THE PROBLEM — Your answer must be the lines of the material below, exactly as written, from its first line through the line with "В доме: деревянная", and no pictures.
------
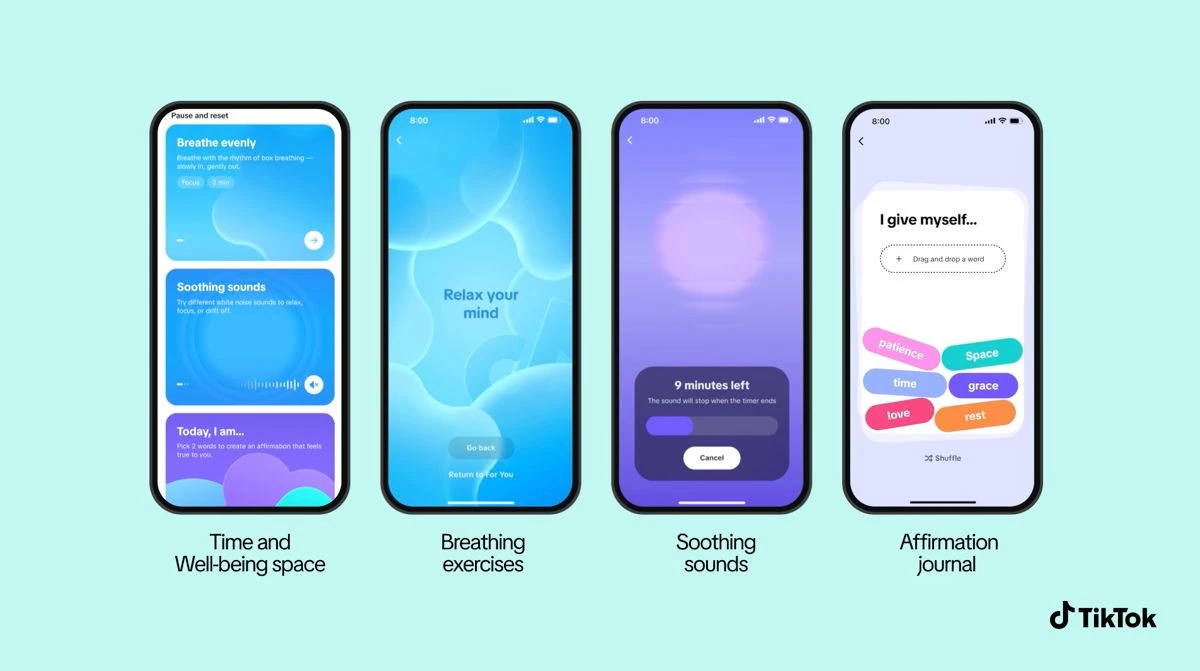 Η εταιρεία αναδιαμορφώνει πλήρως τη σελίδα διαχείρισης χρόνου οθόνης, μετατρέποντάς την από μια απλή ρύθμιση σε ένα κέντρο «ψηφιακής φροντίδας». Το νέο σύστημα διαθέτει περισσότερες από 120 προτροπές που ενθαρρύνουν τους χρήστες να θέτουν θετικές προθέσεις για την ημέρα τους, λειτουργώντας σχεδόν σαν μίνι συνεδρίες αυτοβοήθειας. Επιπλέον, προστίθεται ένας γεννήτορας χαλαρωτικών ήχων, όπως βροχή ή κύματα, καθώς και ασκήσεις αναπνοής – ένα μοντέλο που θυμίζει ευρωπαϊκές εφαρμογές ευεξίας, αλλά ενσωματώνεται σε μία από τις πιο εθιστικές εφαρμογές παγκοσμίως.
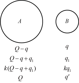 考虑到电荷们被抢夺完毕时,A、B间接触与不接触,也就是弄根导线把A、B连接或不连接,不影响电荷的分配。类比到地面上的高度,两个瓶口一样高度了,A瓶口对着B瓶口倒水,谁也再倒不出、谁也再装不下,等高了;也就这里的A、B两个球等势了。假设在无穷远还有两个金属极,并且A、B带了正电荷。就可以设A、B电势均为φ。A与无穷远的极构成电容器C1、B与无穷远的极构成电容器C2。
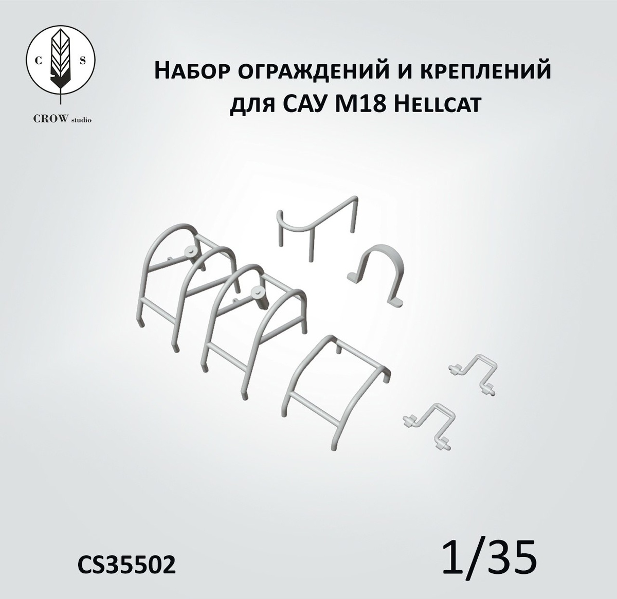 Санкт-петербургская CROW Studio выпустила на 3D-принтере набор ограждений и креплений для модели американской САУ M18 Hellcat в масштабе 1/35. В наборе: Ограждение фар; Ограждение звукового сигнала; Ограждение антенны; Крепления на башне; Крепёж для сошек пулемета.
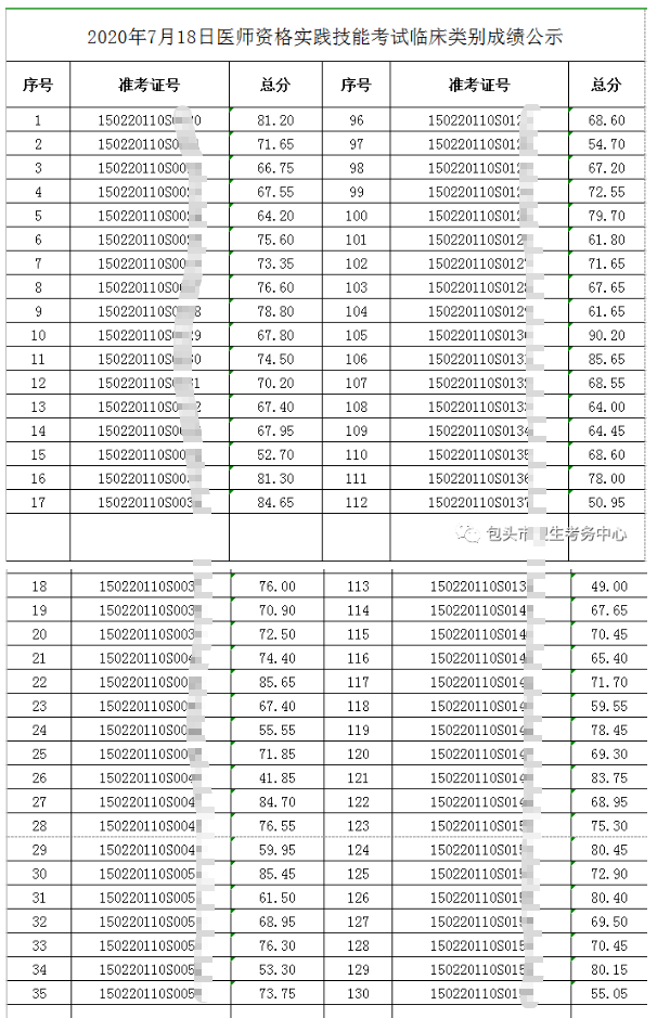 7月18日包頭市2020年臨床執(zhí)業(yè)醫(yī)師實(shí)踐技能考試成績名單公示啦
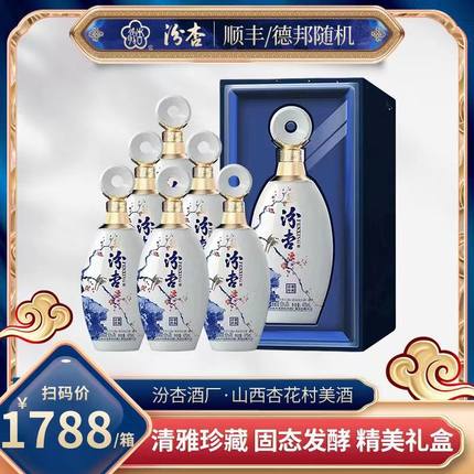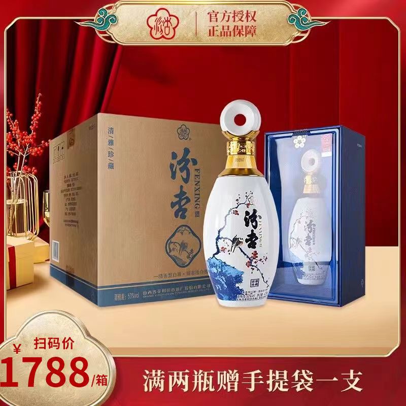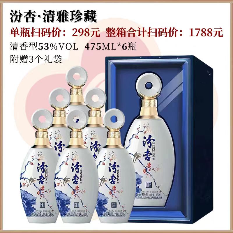 山西杏花村汾杏清雅珍藏清香型53度475ml*6瓶高度白酒粮食酒整箱
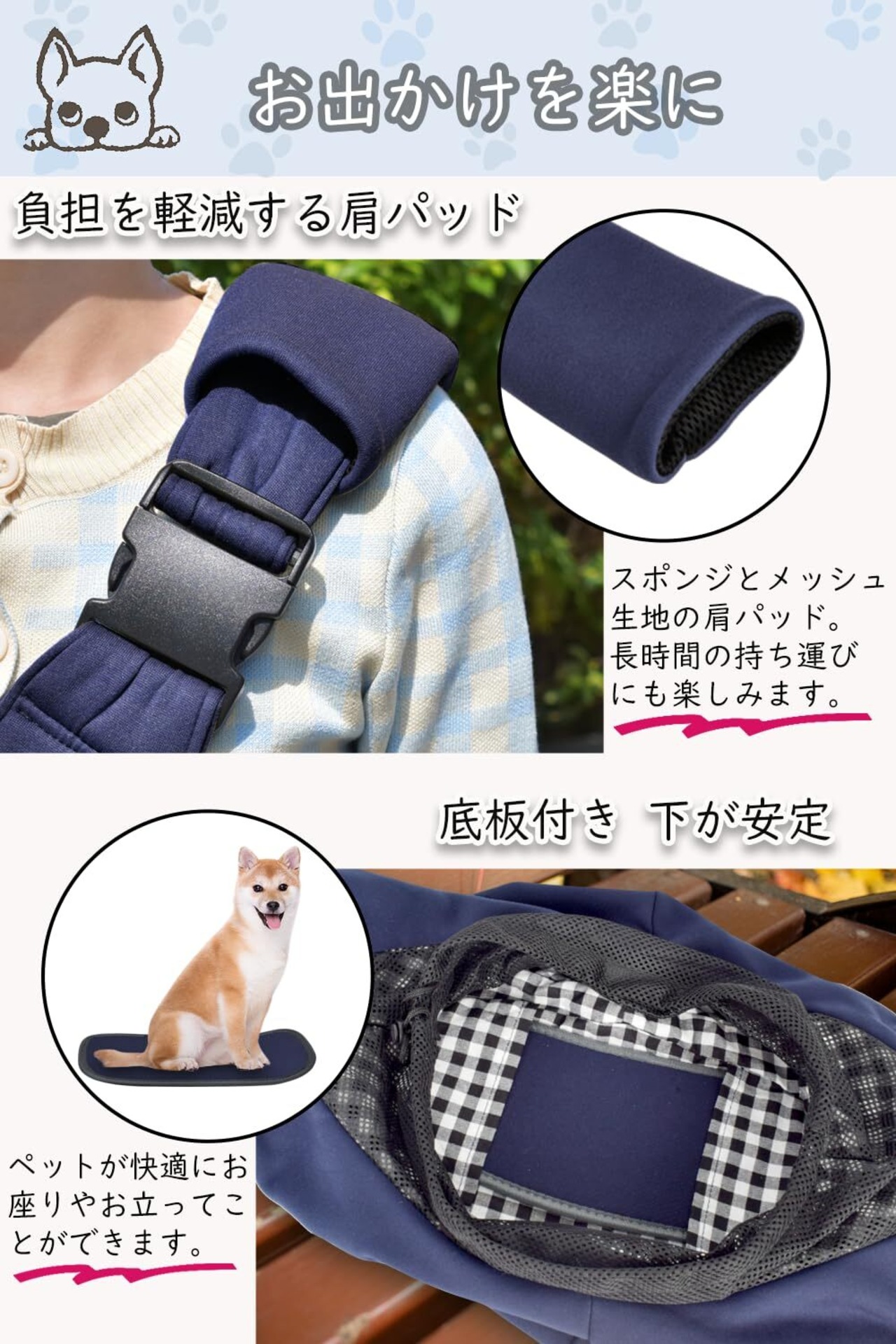 【軽量で扱いやすい生地】触り心地のいいポリエステル素材で作られており、中の裏地はギンガムチェックになって、ペットにハンモックみたいな感じられ中小型犬スリングです。リバーシブルなので服装によってもかえれます。底板のカバーが外せるので洗濯できて、スリング本体は水洗いや洗濯機洗いできます。
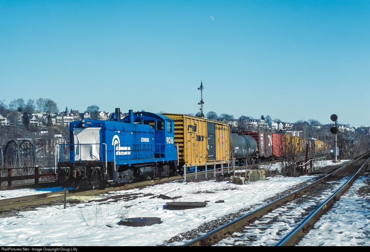 At the time of this photo, the least-used of the three railroad bridges spanning the Delaware River between Phillipsburg, NJ and Easton, PA was the former Jersey Central crossing. Here an SW9 brings a local across that span, with the former L&HR bridge seen on the left, and the former Lehigh Valley main line on the right. That would change within a few years, when structural issues with the LV bridge would precipitate a relocation of Conrail's Lehigh Line to the CNJ bridge. The bones of the CNJ semaphores are still in place at this late date.
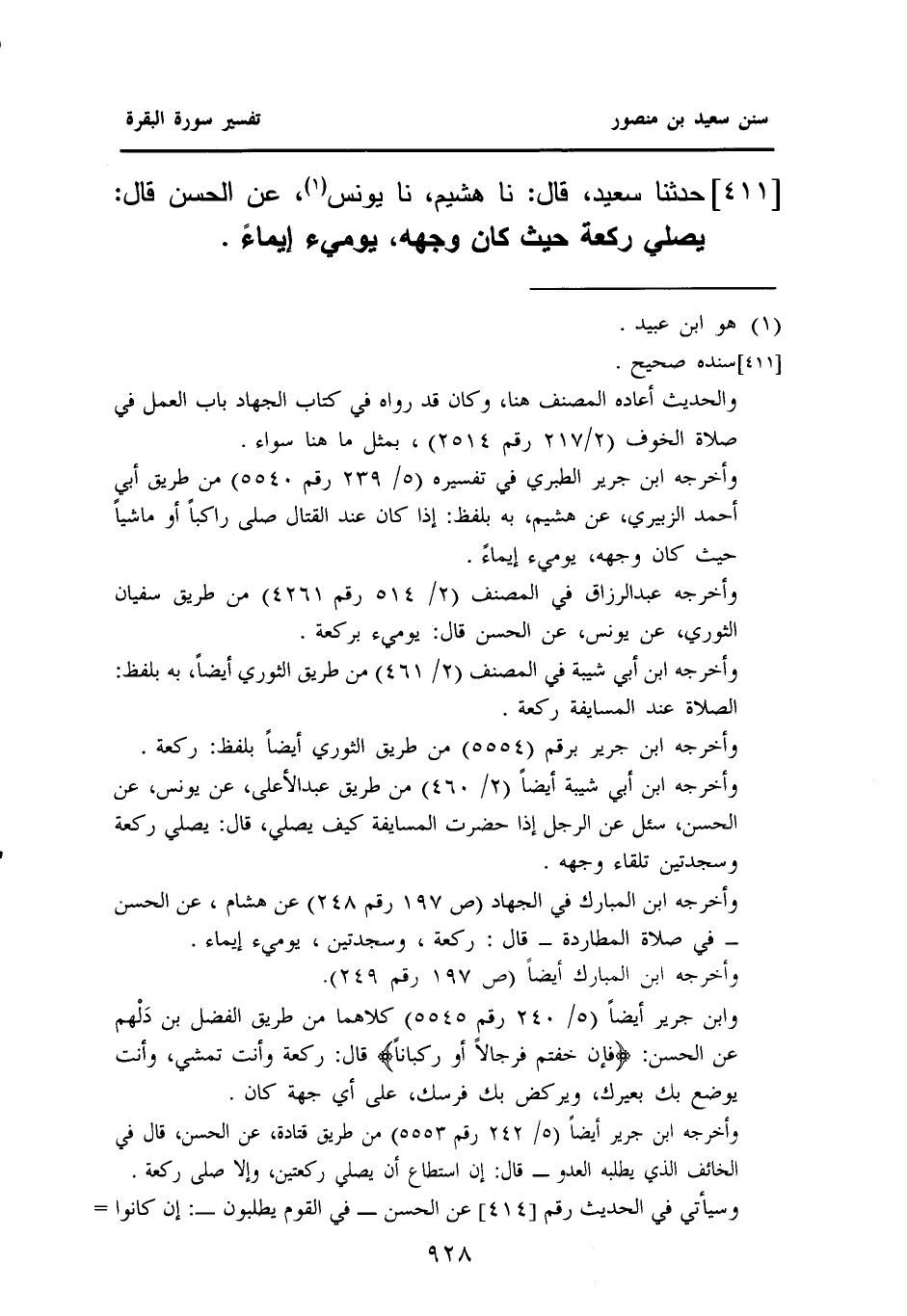 ٤١١ - حَدَّثَنَا سَعِيدٌ، قَالَ: نا هُشَيْمٌ، نَا يُونُسُ (¬١)، عَنِ الْحَسَنِ قَالَ: ((يُصَلِّي رَكْعَةً حَيْثُ كَانَ وَجْهُهُ، يومئ إيماءً)).
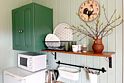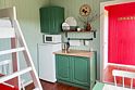 В доме: деревянная двухъярусная кровать (снизу двуспальная, сверху односпальная), прикроватные светильники, шкаф, зеркало, потолочный вентилятор, обеденный стол, стулья и табуреты, небольшая кухня, укомплектованная микроволновой печью, мультиваркой, холодильником, чайником, мойкой, необходимой посудой и столовыми приборами.
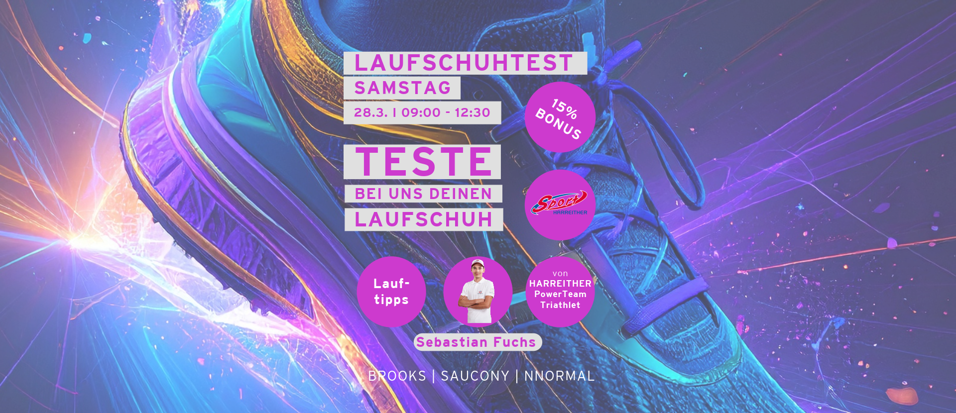 Probiere deinen idealen Laufschuh für die neue Saison, erhalte Lauftipps von Harreither PowerTeam Triathlet Sebastian Fuchs und starte durch.
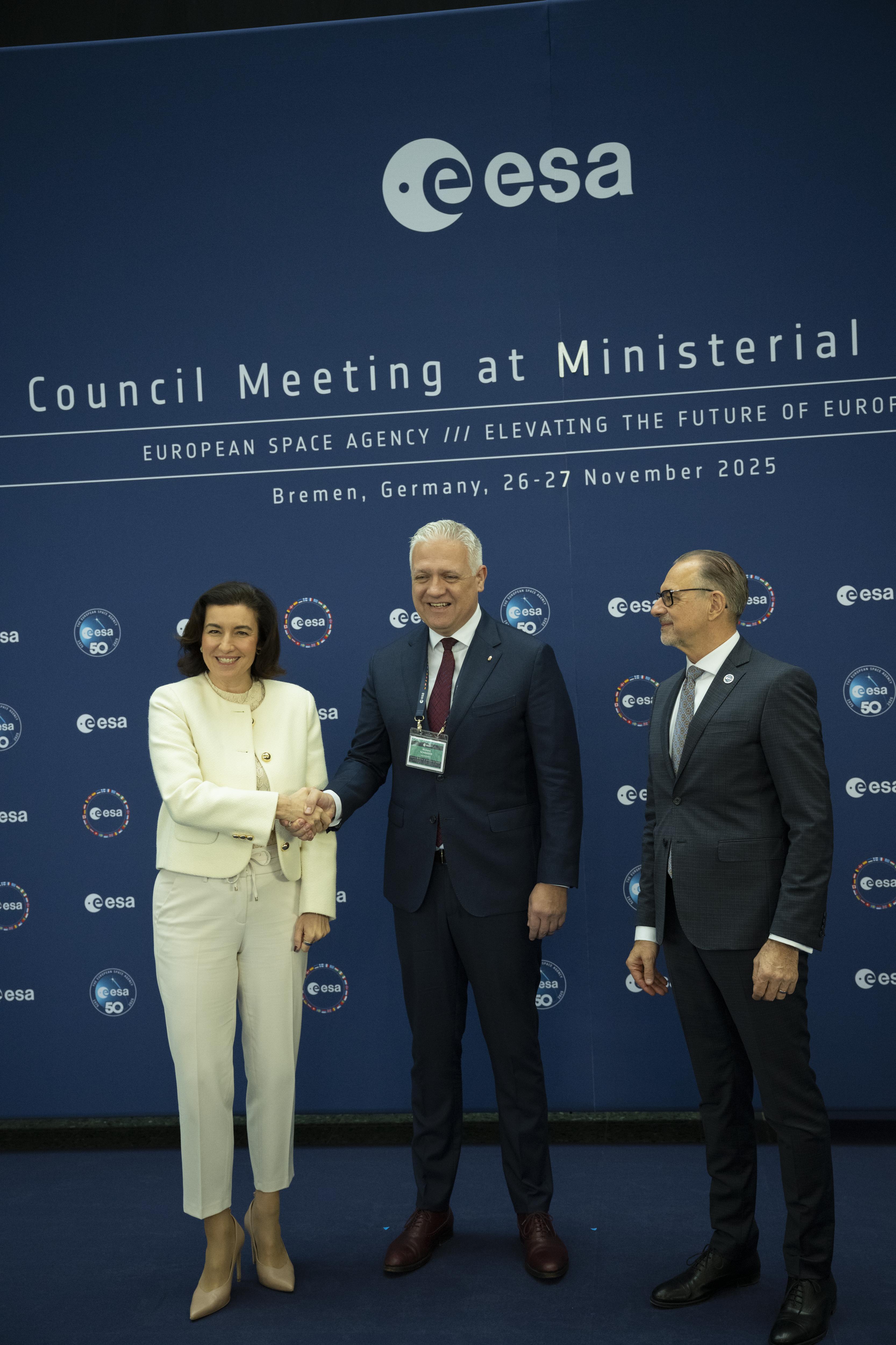 Arrival and greeting of Ministers and photos with ESA astronauts at the start of day 2 of the 2025 Ministerial Council in Bremen, Germany on 26 November 2025.
------
COMPLETED EXERCISE —
 Η εταιρεία αναδιαμορφώνει πλήρως τη σελίδα διαχείρισης χρόνου οθόνης, μετατρέποντάς την από μια απλή ρύθμιση σε ένα κέντρο «ψηφιακής φροντίδας». Το νέο σύστημα διαθέτει περισσότερες από 120 προτροπές που ενθαρρύνουν τους χρήστες να θέτουν θετικές προθέσεις για την ημέρα τους, λειτουργώντας σχεδόν σαν μίνι συνεδρίες αυτοβοήθειας. Επιπλέον, προστίθεται ένας γεννήτορας χαλαρωτικών ήχων, όπως βροχή ή κύματα, καθώς και ασκήσεις αναπνοής – ένα μοντέλο που θυμίζει ευρωπαϊκές εφαρμογές ευεξίας, αλλά ενσωματώνεται σε μία από τις πιο εθιστικές εφαρμογές παγκοσμίως.
 考虑到电荷们被抢夺完毕时,A、B间接触与不接触,也就是弄根导线把A、B连接或不连接,不影响电荷的分配。类比到地面上的高度,两个瓶口一样高度了,A瓶口对着B瓶口倒水,谁也再倒不出、谁也再装不下,等高了;也就这里的A、B两个球等势了。假设在无穷远还有两个金属极,并且A、B带了正电荷。就可以设A、B电势均为φ。A与无穷远的极构成电容器C1、B与无穷远的极构成电容器C2。
 Санкт-петербургская CROW Studio выпустила на 3D-принтере набор ограждений и креплений для модели американской САУ M18 Hellcat в масштабе 1/35. В наборе: Ограждение фар; Ограждение звукового сигнала; Ограждение антенны; Крепления на башне; Крепёж для сошек пулемета.
 7月18日包頭市2020年臨床執(zhí)業(yè)醫(yī)師實(shí)踐技能考試成績名單公示啦
 山西杏花村汾杏清雅珍藏清香型53度475ml*6瓶高度白酒粮食酒整箱
 【軽量で扱いやすい生地】触り心地のいいポリエステル素材で作られており、中の裏地はギンガムチェックになって、ペットにハンモックみたいな感じられ中小型犬スリングです。リバーシブルなので服装によってもかえれます。底板のカバーが外せるので洗濯できて、スリング本体は水洗いや洗濯機洗いできます。
 At the time of this photo, the least-used of the three railroad bridges spanning the Delaware River between Phillipsburg, NJ and Easton, PA was the former Jersey Central crossing. Here an SW9 brings a local across that span, with the former L&HR bridge seen on the left, and the former Lehigh Valley main line on the right. That would change within a few years, when structural issues with the LV bridge would precipitate a relocation of Conrail's Lehigh Line to the CNJ bridge. The bones of the CNJ semaphores are still in place at this late date.
 ٤١١ - حَدَّثَنَا سَعِيدٌ، قَالَ: نا هُشَيْمٌ، نَا يُونُسُ (¬١)، عَنِ الْحَسَنِ قَالَ: ((يُصَلِّي رَكْعَةً حَيْثُ كَانَ وَجْهُهُ، يومئ إيماءً)).
 В доме: деревянная двухъярусная кровать (снизу двуспальная, сверху односпальная), прикроватные светильники, шкаф, зеркало, потолочный вентилятор, обеденный стол, стулья и табуреты, небольшая кухня, укомплектованная микроволновой печью, мультиваркой, холодильником, чайником, мойкой, необходимой посудой и столовыми приборами.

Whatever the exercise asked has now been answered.